Я думала о А. М. (великий князь Александр Михайлович. – Ю. К.),который был разбужен таким же образом, и у него тоже все было перерыто и разбросано по полу. Я никогда в своей жизни не видела ничего подобного. Все это было для меня шоком. Я чувствовала себя убийственно плохо и совершенно не могла после этого спать. Невозможно было поверить, чтобы наш собственный народ обращался с нами так же, как немцы обращались с русскими в Германии в начале войны…»

По свидетельству лейб-казака Тимофея Ксенофонтовича Ящика, женщина, состоявшая в команде, была так активна и изобретательна, что перевернула в доме содержимое шкафов и чемоданов и советовала солдатам вспарывать подушки и одеяла, чтобы посмотреть, не скрыто ли что-нибудь внутри.

Обыск был произведен также у Александра Михайловича. У него потребовали ключ от его бюро и оружие. При обыске матросы обнаружили лишь два десятка старых ружей винчестер с яхты, принадлежащей великому князю, о существовании которых, по свидетельству Феликса Юсупова, совершенно забыли. «После полудня офицер, командовавший экспедицией, человек крайне нахальный и неприятный, – вспоминал Феликс Юсупов, – явился известить великого князя, что он должен арестовать Императрицу, которую называл „Марией Федоровной“. Он утверждал, что она оскорбляет Временное правительство. Тесть с трудом его утихомирил, указав, что не следует запускать матросов в комнату к пожилой даме, тем более в 5 часов утра, и вполне естественно, что она сочла это возмутительным».

У Марии Федоровны изъяли все письма, некоторые вещи и Евангелие (позже его вернули), привезенное из Дании. По счастливой случайности не тронули семейную шкатулку с драгоценностями. Когда императрице предложили подписать показания как «бывшая императрица России», она написала: «вдова Императора Александра III».

«Я была бы счастлива умереть, – писала Мария Федоровна Ольге Константиновне, – только бы не переживать весь этот ужас. Однако на все Воля Божья! Но все-таки трудно понять, как Господь допускает все эти несправедливости и все плохое, что происходит вокруг».
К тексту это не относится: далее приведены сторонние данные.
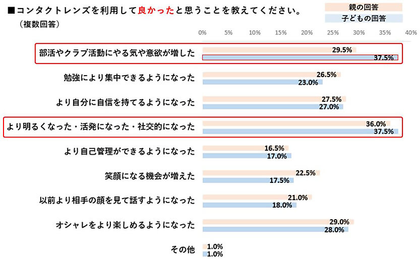 コンタクトレンズを使い始めた小中学生は、どのようなメリットを感じているのでしょうか。「コンタクトを利用して良かったと思うこと」を小中学生、保護者の両者に調査したところ、次のような結果となりました(※2)。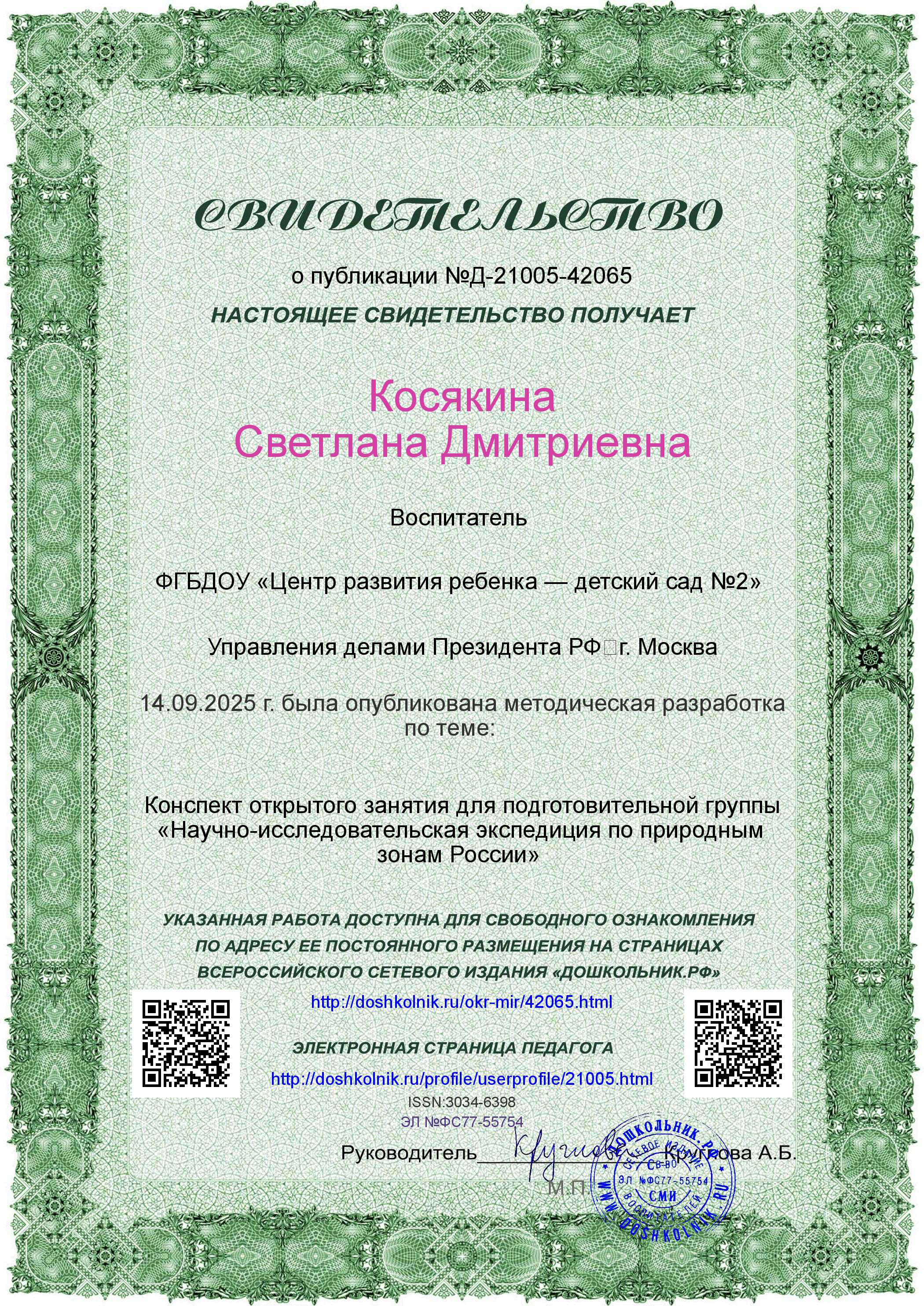 Конспект занятия для подготовительной группы "Научно-исследовательская экспедиция по природным зонам России" [Электронный ресурс] // 2025. URL:

Обыск был произведен также в Чаире, где проживал великий князь Николай Николаевич. О том, кто дал санкции на проведение обыска и был инициатором этих действий, рассказывает Роман Романов, находившийся в то время в Крыму. По его свидетельству, в ту ночь в Чаир прибыл комиссар от Временного правительства и потребовал встречи с великим князем Николаем Николаевичем. Камердинер разбудил великого князя, который принял посланца в гостиной. Комиссар, представившийся подполковником Верховским, заявил, что он по приказу Временного правительства должен произвести в доме обыск. Как свидетельство своих полномочий он предъявил приказ, полученный им от командующего Черноморским флотом контр-адмирала Лукина, а также копию телеграммы Временного правительства. «Когда дядя Николаша, – пишет Роман Романов, – прочитал оба текста, он в присутствии Верховского сделал копии и попросил комиссара поставить на них подпись, подтверждающую точность написанного, что Верховский и сделал». В документе говорилось:

«Срочно. Секретно

Подполковнику Верховскому

Согласно приказу Временного правительства Вам поручается отправиться в Ялту вместе с членами Севастопольского Центрального комитета, представителями армии, флота и рабочих организаций и по договоренности с местными комиссарами принять меры к обеспечению безопасности Южного берега Крыма от контрреволюционеров и контрреволюционной пропаганды.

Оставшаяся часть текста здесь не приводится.